The ECOA makes it unlawful for any creditor to discriminate against a debtor who has exercised any right under the Consumer Credit Protection Act. See 15 U.S.C. § 1691-1691f; 12 C.F.R. Pt. 202. The majority opinion correctly observes that a claim of this sort is analyzed under the burden allocation framework established for Title VII retaliation in employment claims. Consequently, to survive a 12(b)(6) dismissal motion Lewis was required to plead that he (1) engaged in a statutorily protected activity; (2) suffered an adverse credit action; and that (3) there is a causal connection between 1 and 2. See Johnson v.
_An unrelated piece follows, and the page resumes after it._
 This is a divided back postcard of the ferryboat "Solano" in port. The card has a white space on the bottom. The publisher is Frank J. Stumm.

United States Dep’t of Health and Human Servs., 30 F.3d 45, 47 (6th Cir.1994). My colleagues think Lewis is “unable to make such a showing” primarily because they think he will be unable to prove that he suffered an adverse action since “the ECOA does not cover ‘[a]ny action ... relating to an *416account taken in connection with - default ] or delinquency.’” My brothers believe that Lewis has pleaded nothing more than a creditor taking a lawful “action to recover thousands of dollars in undisputed debt that the consumer refuses to honor.”

I respectfully disagree that the ECOA does not proscribe collection suits against defaulting debtors if such suits are filed for retaliatory purposes.
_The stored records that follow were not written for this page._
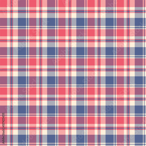 A classic plaid or tartan pattern with red, blue, and beige intersecting lines creates a grid-like design. The design has a balanced, uniform arrangement with alternating square sections.
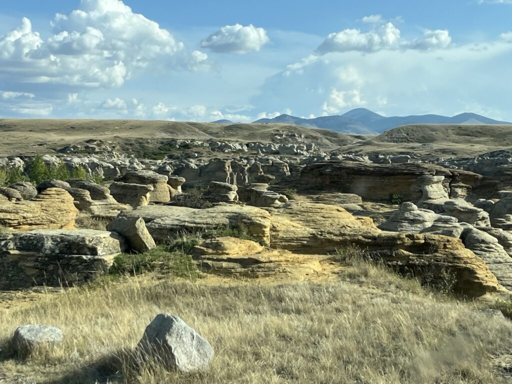 Today, we’re back on the road again, this time heading to southern Alberta where we have a camping reservation at Writing on Stone provincial park near the town of Milk River a little north of Coutts.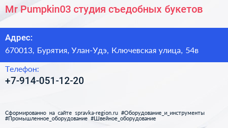 Mr.Pumpkin03, студия съедобных букетов по адресу 670013, Бурятия, Улан-Удэ, Ключевская улица, 54в в дальнейшем Организация, размещена в следующих категориях: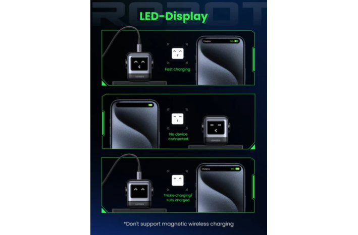 obraz robota je LED zaslon, ki prikazuje različne izraze za stanja polnjenja.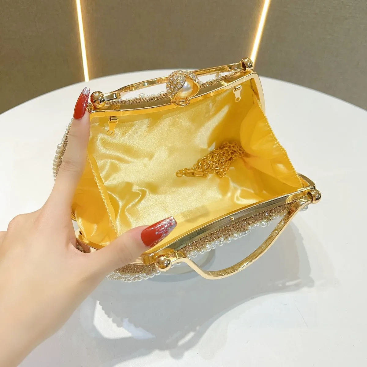 Women's Luxury Shoulder Bag Quilted Chain Shell Pearl Diamond Design Polyester Lining Mini Clutch Evening Bags Wedding Handbags

In the first place, it is clear that the ECOA’s definition of an “adverse action” does not determine what constitutes discrimination for purposes of section 1691(a), but rather determines what actions require notice compliance under section 1691(d). Section 1691(a)(3) plainly makes unlawful a collection suit filed in retaliation for an FDCPA enforcement action. Whether Lewis could succeed in persuading a fact finder that the Columbus suit was filed for retaliatory purposes is another matter. It is possible, for example, that Lewis could prove that Amex is usually more patient with debtors and that Lewis was only subjected to the Columbus collection suit because he filed the Dayton suit. Lewis’s claim would be. very similar, for example, to an employment discrimination suit alleging retaliation for the filing of an EEOC charge where the complaining employee has a poor work history.
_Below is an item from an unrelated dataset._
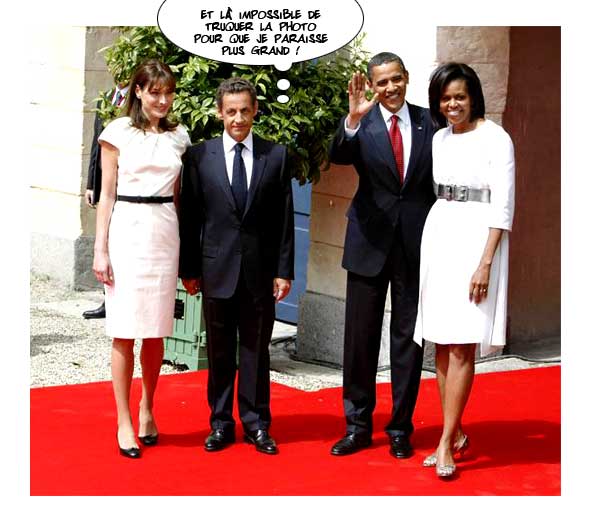 Et ce ne sont pas les clichés que l’Agence France-Presse que la plupart des journaux étrangers retiennent pour couvrir l’événement. Même le très francophone 20 minutes, dont le site Internet est parmi les plus visités pour ce qui concerne l’information en ligne, s’est précipité pour afficher le cliché que Larry Downing a réalisé pour son concurrent Reuters. Nicolas Sarkozy, loin d’apparaître rayonnant de bonheur en compagnie du chef d’État le plus adulé de la planète, fait grise mine. Un méchant rayon de soleil est-il inopportunément venu frapper sa prunelle ?

The district court reasoned that Lewis had not pleaded the existence of similarly situated debtors who had not been sued by Amex. But it is not necessary in order to plead a retaliation claim that Lewis plead even more facts than are necessary to establish a prima facie ease of unlawful retaliation.

The question is not, as the majority apparently thinks it is, whether ACB has the right to sue to collect on a debt; clearly it has. The question is whether Lewis can prove that the suit to collect on the debt was filed in retaliation for exercising his protected right. It may well be that Lewis could not prove the causal connection necessary to prevail on a retaliation charge, yet under Rule 12(b)(6), the inquiry concerns whether Lewis could establish his ease under any set of facts. To me, it is clear that it is possible that he could do so.

There are other conclusions in the majority opinion with which I disagree, but those I have discussed are the most serious, and no useful purpose will be served by elucidating the rest.

I would reverse the judgment of the district court and allow the case to be decided by the trier of fact on the evidence.